Pianos were in great demand, but the square was preferred to the upright in American parlours. Alpheus Babcock had constructed a square piano with an iron frame in 1825, and it was this invention which lay behind the successful series of square pianos made by Jonas Chickering in Boston from 1840 onwards. An alternative keyboard instrument to the piano was the melodeon, a small reed organ with single bellows.33 The melodeon was available in the early nineteenth century but became more widely so when Abraham Prescott set up in Concord, Massachusetts, in 1836. Small portable varieties were made which could be played on the lap and pumped by the elbow. The instrument is often confused with the harmonium, a reed organ developed from the orgue expressif and patented in Paris in 1842 by Alexandre Debain. Further confusion arises between the harmonium and the American organ: put simply, the European harmonium has reeds sounded by compressed air, while the American organ's reeds are sounded by suction. Perhaps the melodeon's suction bellows were the inspiration behind the cottage organs produced by the firm of Estey & Co., which set up in Brattleboro, Vermont, in 1856. Suction seemed to give a more balanced sound, and they were able to export great numbers to Britain, where little making of reed organs took place. There were 247 firms making these instruments in America in the second half of the nineteenth century. Though Julius and Paul Schiedmayer began mass-producing harmoniums in Germany in 1853, it was the American organ (often incorrectly called the harmonium) which caught on in Britain. What the cottage piano did for the concert grand, the cottage organ did for the 'king of instruments' — it domesticated it. Moreover, it became a serious rival to the piano in lower middle-class homes during the later century, because it was cheaper and it stayed in tune. The wealthy middle class acquired both instruments (examples of ballads written for both instruments are discussed later).

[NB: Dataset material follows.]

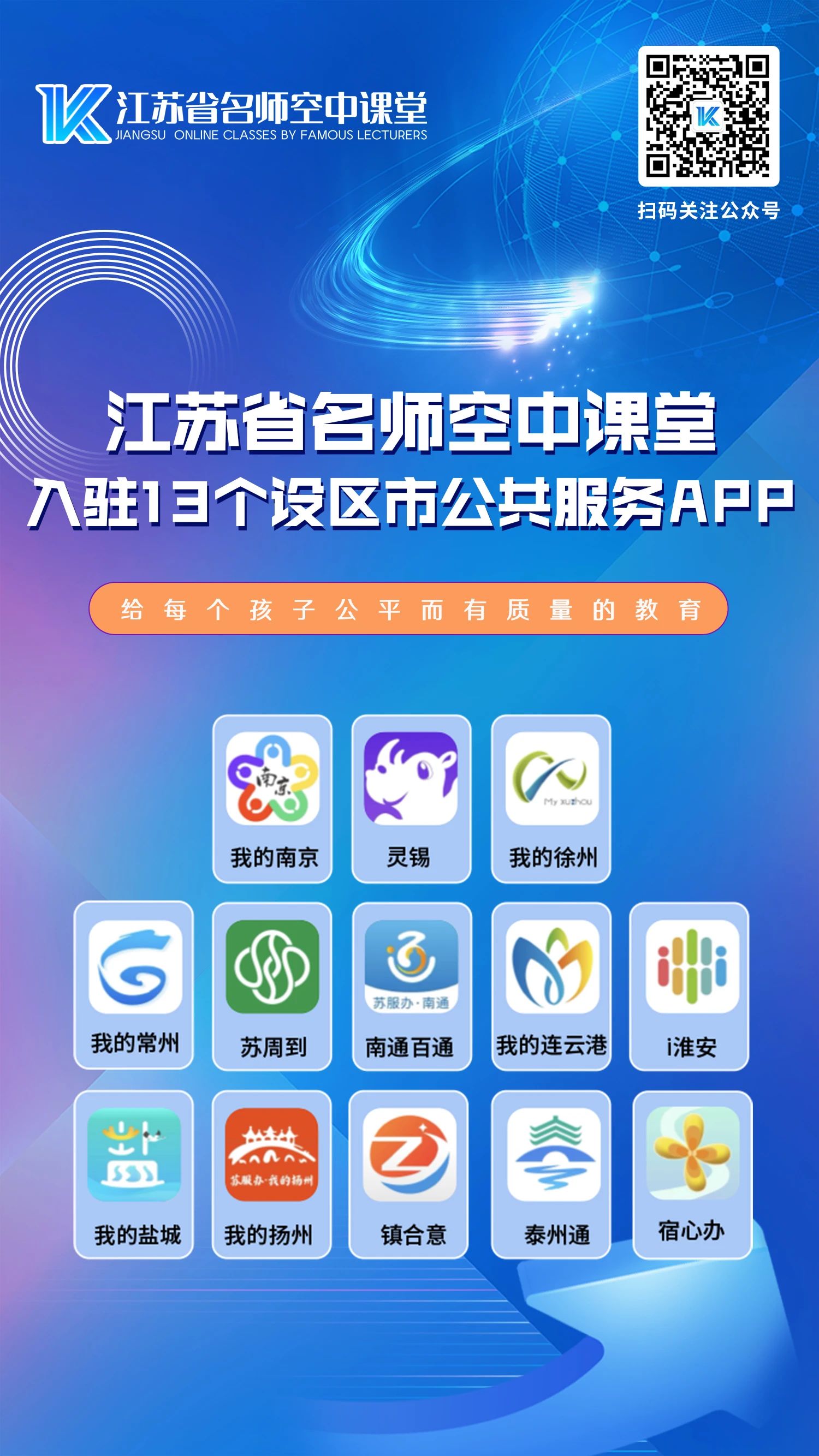 江蘇省名師空中課堂由江蘇省教育廳主辦,師資質(zhì)量有保障,老師教得盡心,孩子學(xué)得用心,家長盡請放心!這個暑假,上江蘇省名師空中課堂,和全省同學(xué)一起充電學(xué)習(xí),超越自我!7月7日,我們不見不散!

In America, as in Britain, the flute and violin were favourite instruments for male amateurs. The guitar sustained its popularity among the American middle class longer than it did among their British counterparts. Even in the late 1850s, this fact prevented the American ballad from becoming standardized as a song with keyboard accompaniment: many of Stephen Foster's songs, for example, were published in alternative versions for voice and guitar. The success of Foster further illustrates the similarity between the British and American markets for domestic music. His music, in the words of H. Wiley Hitchcock,
was aimed at the home — at the typical American parlor, with its little square piano or reed organ, its horsehair-stuffed sofa, its kerosene lanterns and candlelight. Simple enough for amateurs to perform, the music of these songs was pitched at a modest level of artistic sophistication. The language of the texts was generally one step removed from ordinary American speech, with a slightly rarefied atmosphere of cultivated gentility. 34
The appearance of several of his songs in an anthology of the 1850s entitled Household Melodies lends further emphasis to their domestic qualities.